2) One polished picture book isn’t enough. Agents and editors want to know what else you have up your writing sleeve. Plus, if a project you submit isn’t quite right for them but they like your writing style, they may ask you what else you have in the hopper—and you want to be prepared if they do.

3) Join online writing communities through Social Media or writing associations. Facebook Groups like Sub It Club can toss you feedback on a query letter or synopsis in a pinch, and Twitter has a multitude of pitch contests. In fact, one of these contests (#PitMad) is how I met my editor for Lotte!

Me: Great advice!  Lotte created a lot of stories about fairy tales.  I think it might be safe to say that she loved them.  Do you also love fairy tales?  If so, do you have a favorite fairy tale that you were drawn to as a child?

Brooke: Lotte was sort of her own fairytale, which is why I wanted to write her story in a more whimsical, fairytale style, relying less on physical numbers and figures so that the fantastical story of her life shone through. In fact, Kirkus called this book “too much fairytale,” which I took as a compliment—and I hope Lotte would, too!

As for my own favorite fairytale, I love lesser-read classics like Snow White and Rose Red (my eight year old daughter and I just finished reading Emily Winfield Martin’s novelized version of this story, which is beautifully done) or Russian folktales such as The Magic Pony and anything about a Firebird or Baba Yaga. But the magic in these stories, and the feeling that those with kind hearts will always triumph, is what I believe drew Lotte to fairytales, and what drew me to Lotte.

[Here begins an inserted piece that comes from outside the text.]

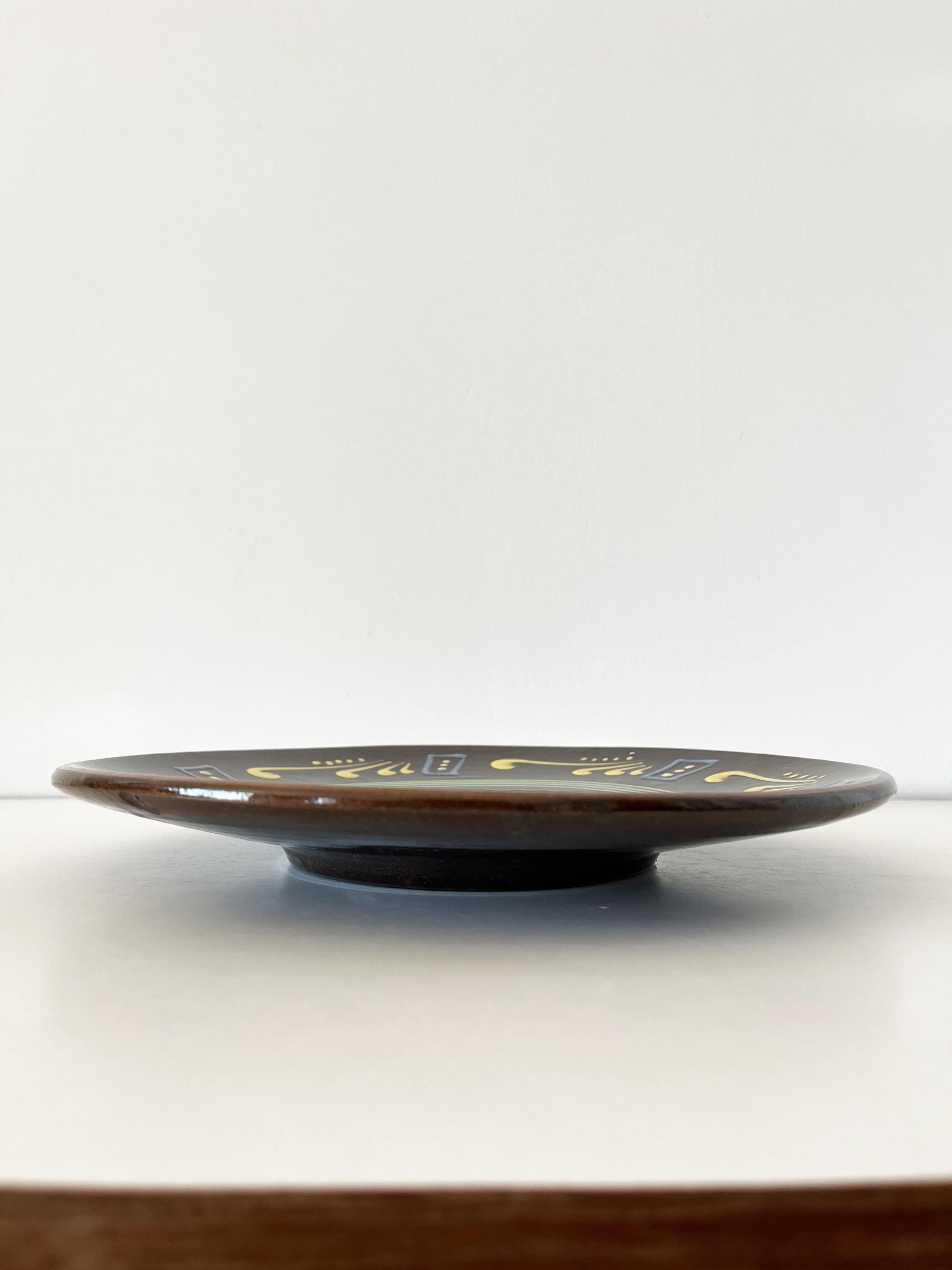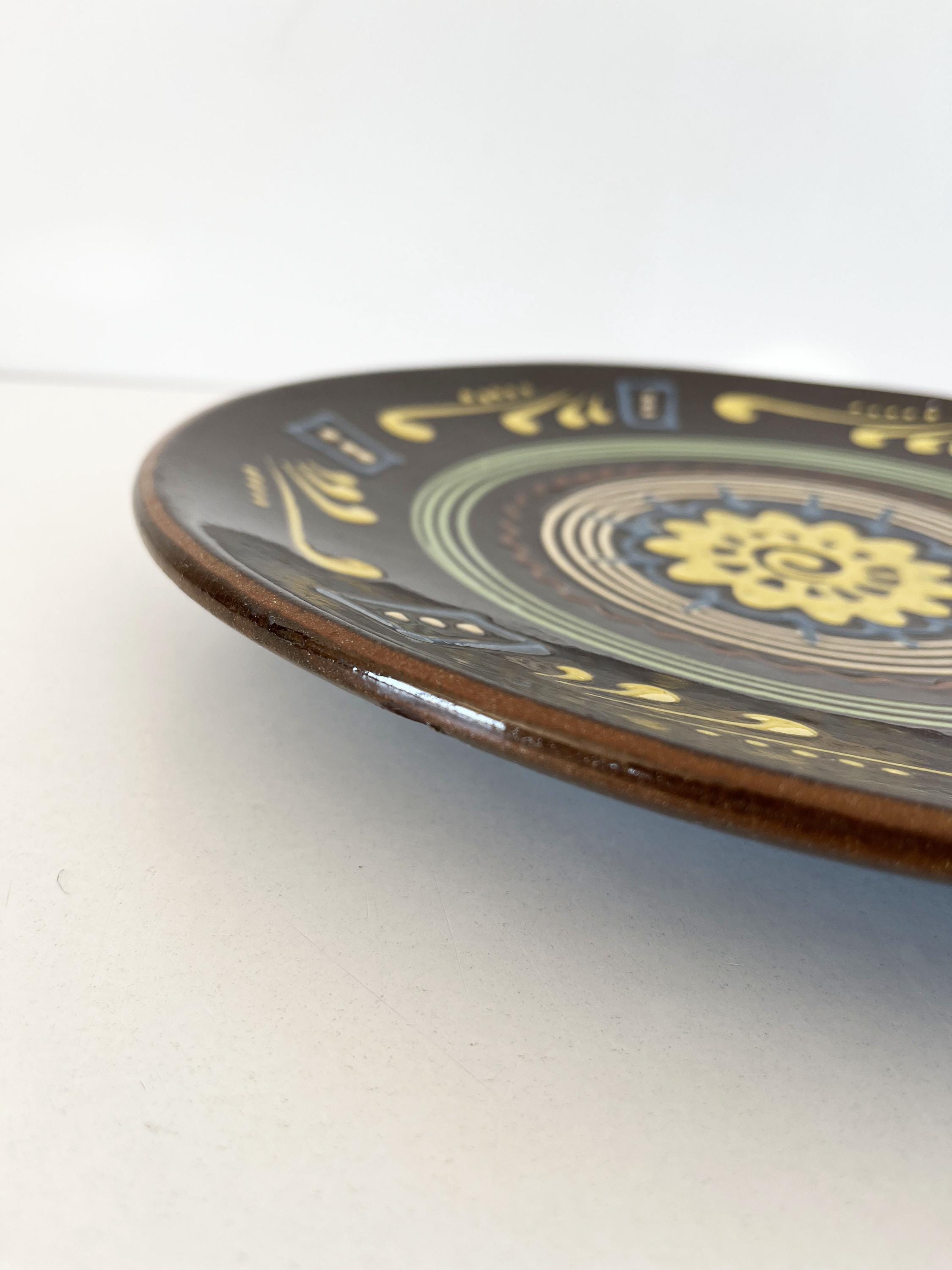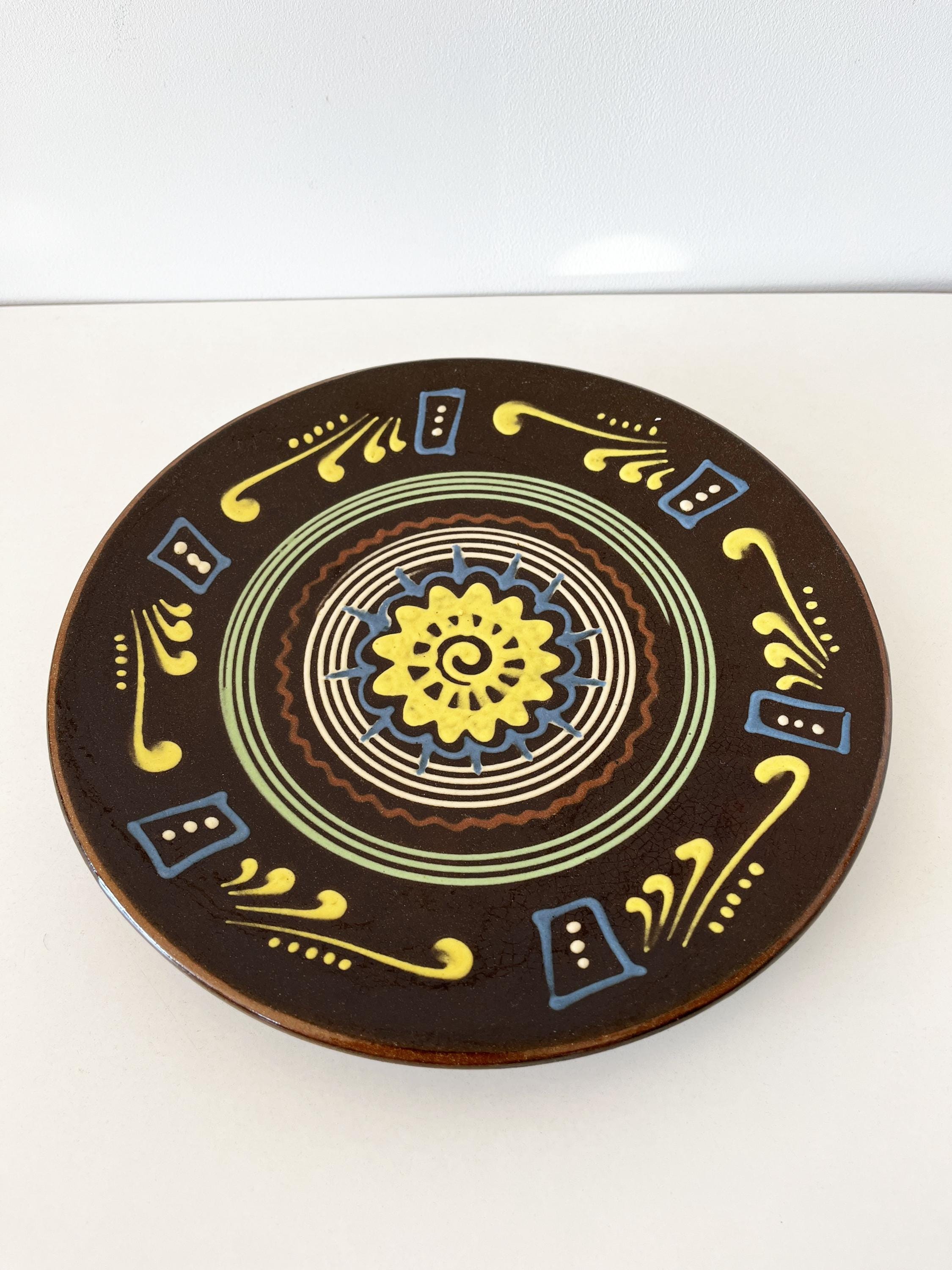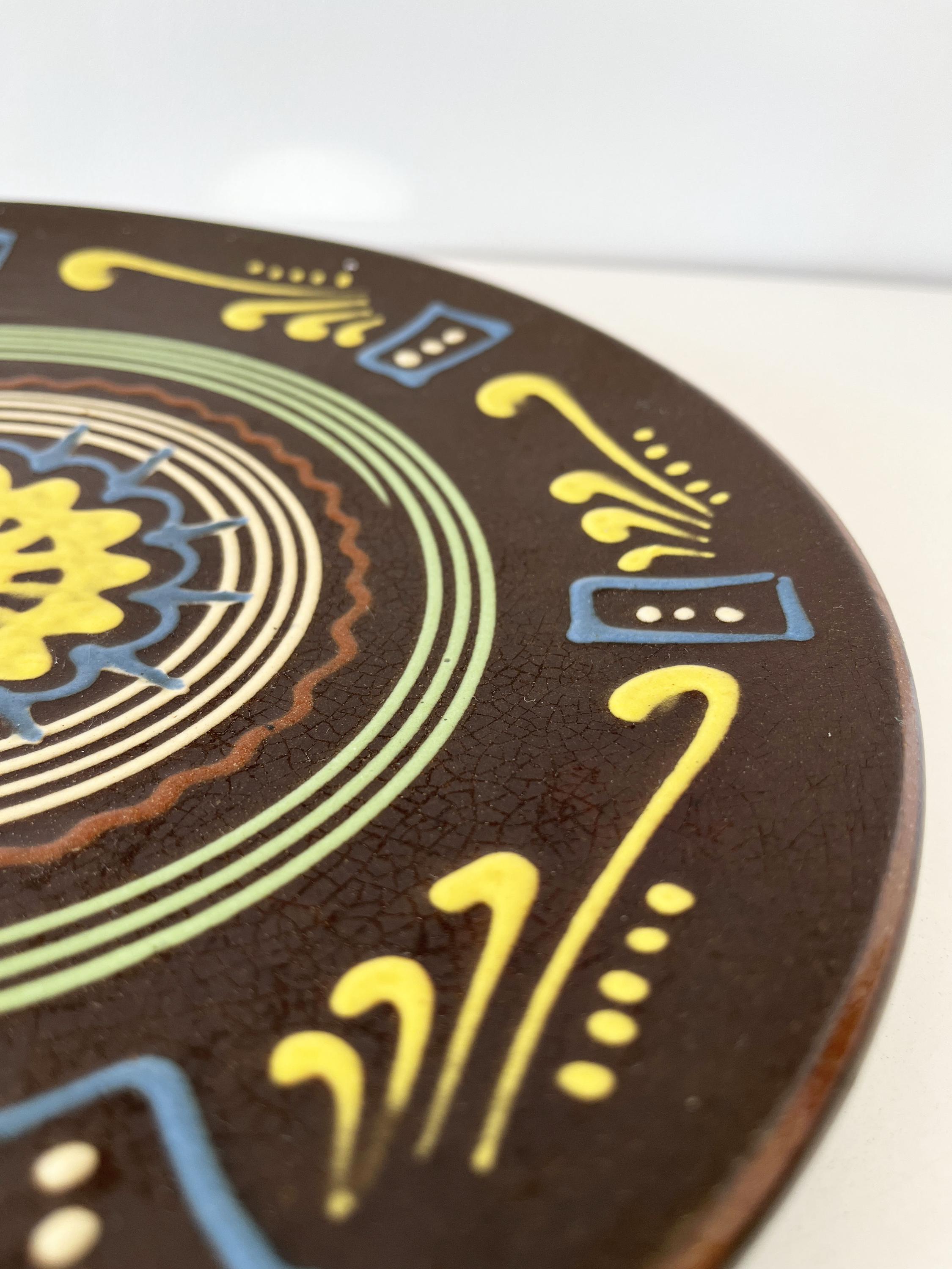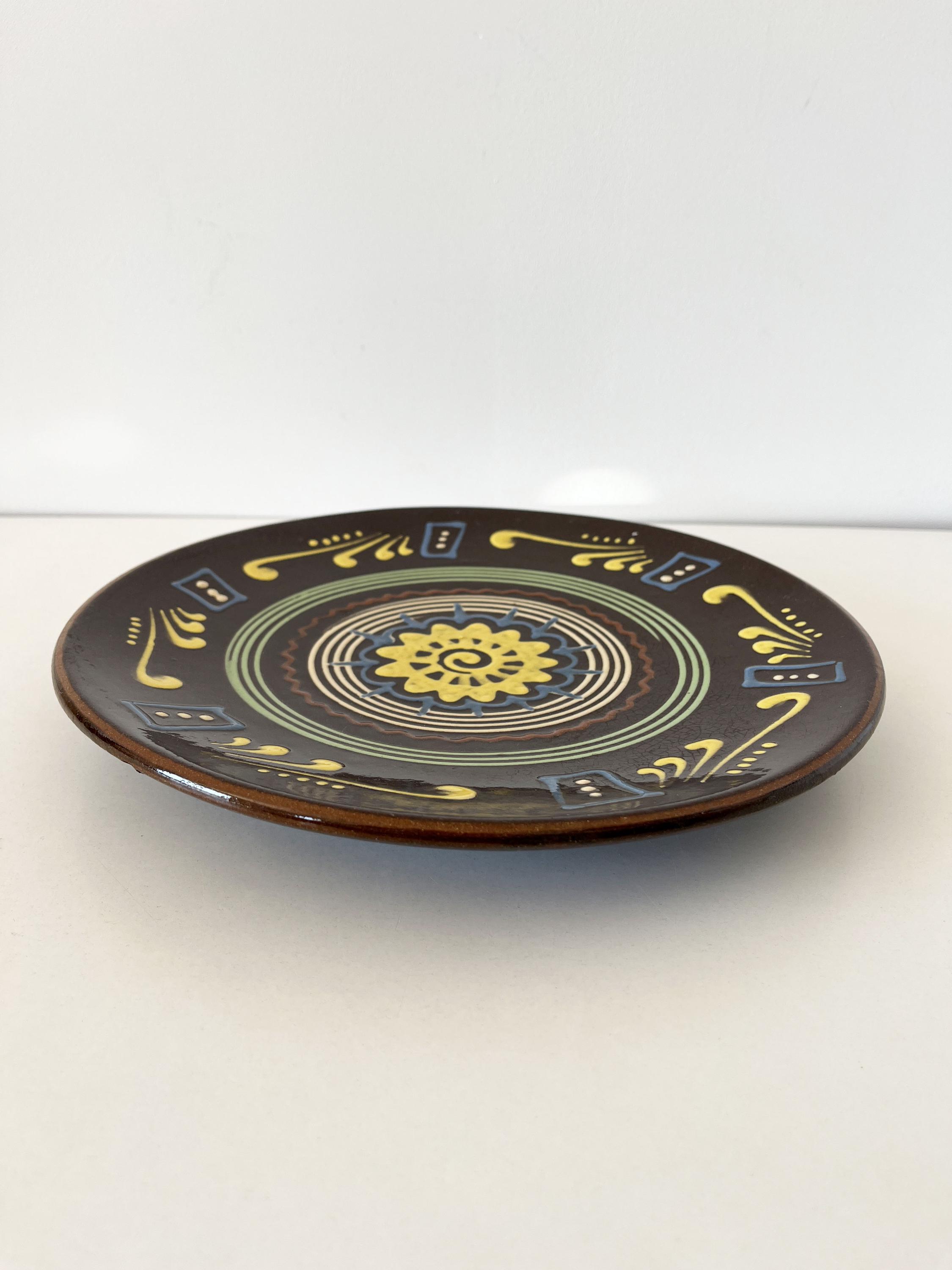 Glossy enamel, in brown, yellow and blue, with a floral pattern.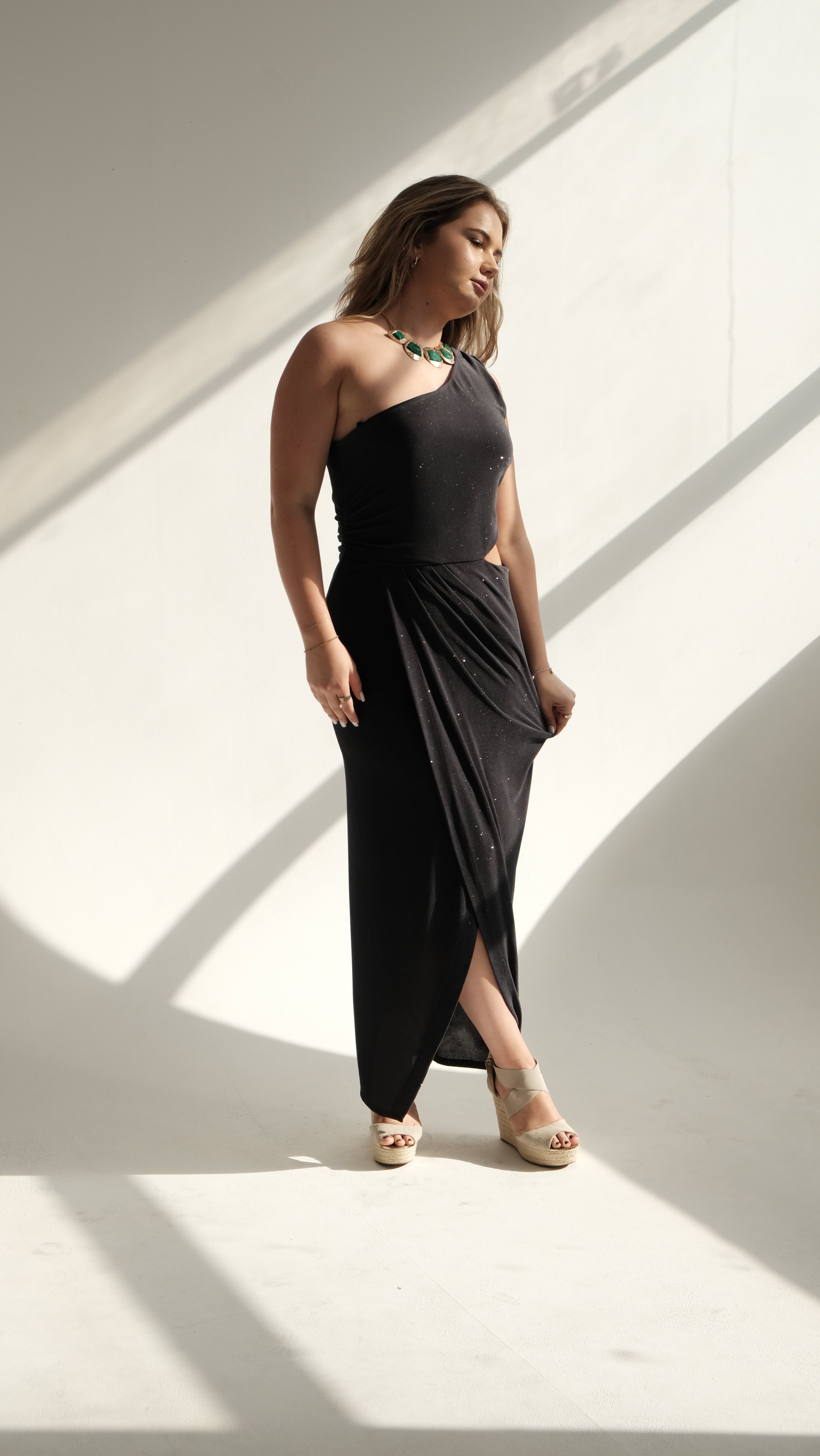 Turn heads in The Selene, a daring yet timeless black one-shoulder evening gown designed for the woman who commands attention. Crafted from a sleek, stretch fabric that hugs your curves, this floor-length formal dress features an elegant asymmetrical neckline, an alluring side cut-out, and a dramatic thigh-high slit for just the right amount of allure. The figure-enhancing silhouette moves effortlessly with you, making it perfect for cocktail parties, matric dances, gala dinners, or any event where you want to make an unforgettable entrance.

I love that.  I too am drawn to fairy tales for their infinite possibilities.  And I too loved that book by Emily Winfield Martin!  The illustrations were gorgeous, and the settings and characters were so lushly divine!  Great choice.  Thank you again for stopping by Brooke.

Dear readers, if you haven’t had a chance to track this book down, I cannot recommend it enough.  It’s a great story about a woman who should be remembered for her contribution to film.  She had stories to tell that delighted and entertained, but they were feats of engineering not to be sneered at.  This picture book captures her story so perfectly that it should be savored and cherished, just like her work.